What is interesting in this case is that the computation on the GPU is faster than on the CPU on a relatively small workload. Both are considerably faster and more accurate than the Monte Carlo approximation.

The time required for the Monte Carlo approximation is lower on systems with v100 GPUs, but the integral approximation is still faster and more accurate.

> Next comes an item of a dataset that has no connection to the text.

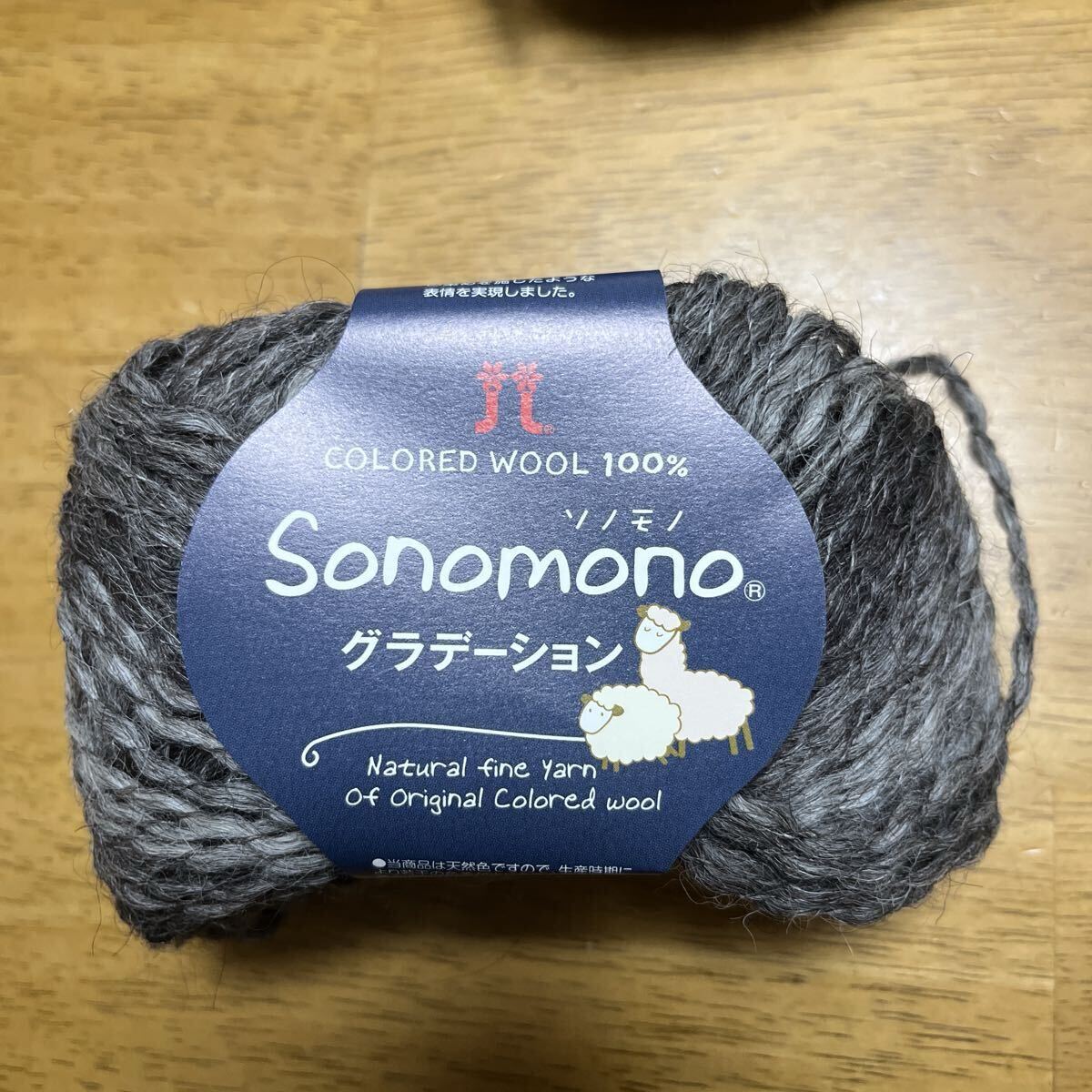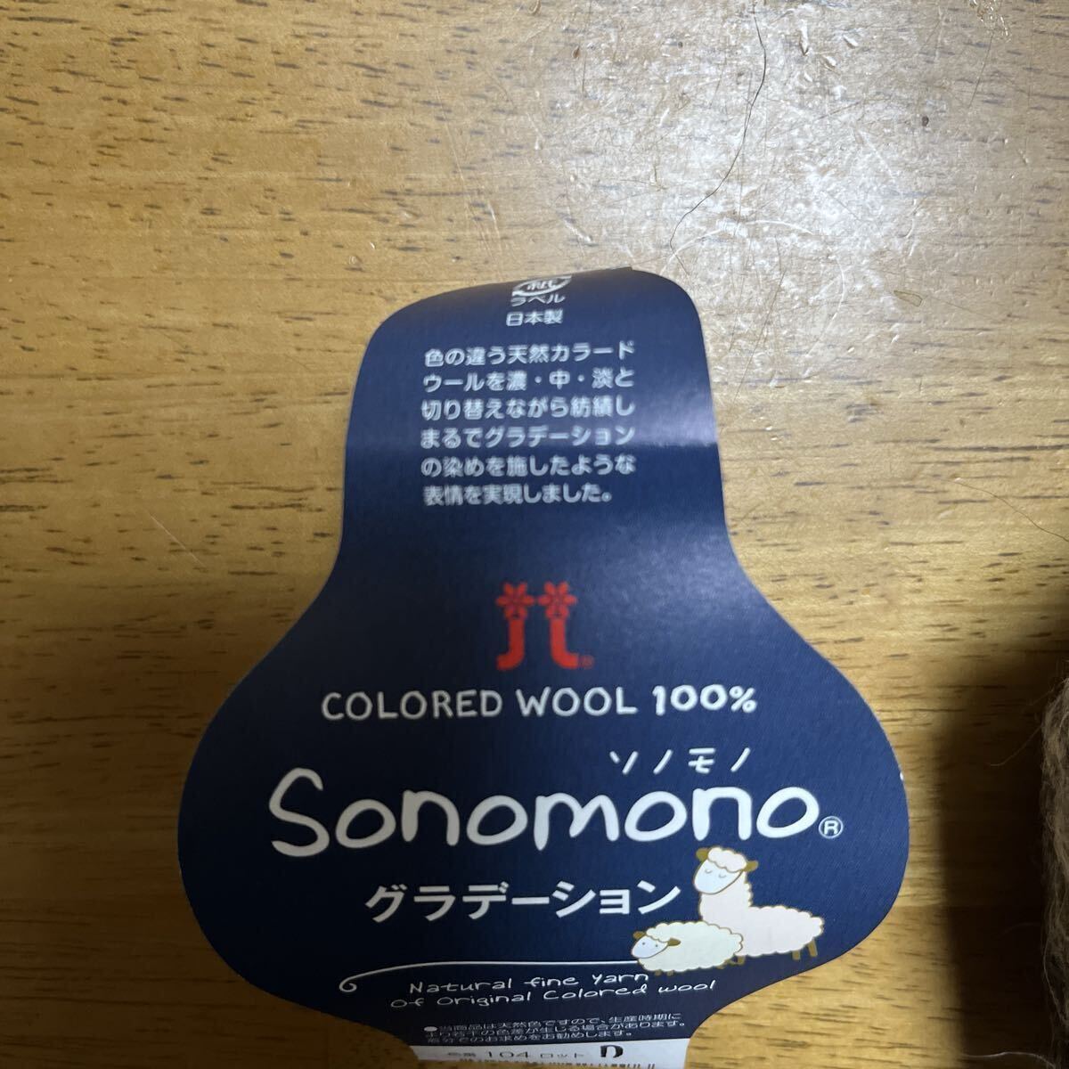 色の違う天然カラードウールを濃、中、淡と切り替えながらグラデーションした毛糸

On a system with a v100 and Cascade Lake 5218 (2.30GHz) - Driver Version: 460.32.03 CUDA Version: 11.2

Monte Carlo approximation

./montepi
Starting simulation with 1792 blocks, 32 threads, and 1000000 iterations
Approximated PI using 57344000000 random tests
PI ~= 3.14158569614955
Pi  error is 0.0000069574402395
Monte pi took : 0.156507 sec .

Composite Mid-Point

./pi
Pi estimate 3.1415926535898766 error is -0.0000000000000835
Time to compute mypi is 0.000984 sec.
CPU pi is 3.1415926535897643  error is 0.0000000000000289
Time to compute CPU pi is 0.035159 sec.

On login2 of Bede - AC922 - v100 with Power 9 (3.8GHz) - Driver Version: 440.95.01 CUDA Version: 10.2

Monte Carlo approximation

./montepi
Starting simulation with 1792 blocks, 32 threads, and 1000000 iterations
Approximated PI using 57344000000 random tests
PI ~= 3.14159480113002
Pi  error is -0.0000021475402292
Monte pi took : 0.165825 sec .

Composite Mid-Point

./pi
Pi estimate 3.1415926535898766 error is -0.0000000000000835
Time to compute mypi is 0.000507 sec.
CPU pi is 3.1415926535897643  error is 0.0000000000000289
Time to compute CPU pi is 0.006880 sec.

Notice that the Monte Carlo approximation can use all of the v100 CUDA cores, but the results show this modest change has little influence on accuracy - suggesting that the Monte Carlo simulation is only converging slowly.

./montepi2
Starting simulation with 5120 blocks, 32 threads, and 1000000 iterations
Approximated PI using 163840000000 random tests
PI ~= 3.14159536311035
Pi  error is -0.0000027095205586
Monte pi took : 0.400903 sec .

Increasing the number of iterations per thread by an order of magnitude yields:

./montepi2
Starting simulation with 5120 blocks, 32 threads, and 10000000 iterations
Approximated PI using 1638400000000 random tests
PI ~= 3.14159246824707
Pi  error is 0.0000001853427229
Monte pi took : 3.407919 sec .

This change appears to have improved accuracy and the cost has gone up 8.5 (rather than 10), so this may be the better approach to get a more accurate solution, but it is considerably slower than the composite mid-point rules and is really only appropriate for demonstration purposes.

Follow-up work

It would be sensible to have OpenACC and OpenMP versions of the compostite mid-point rule example to show the relative ease with which GPU parallelism can be expressed in these higher level environments. The basic loop involved in each case is trivial.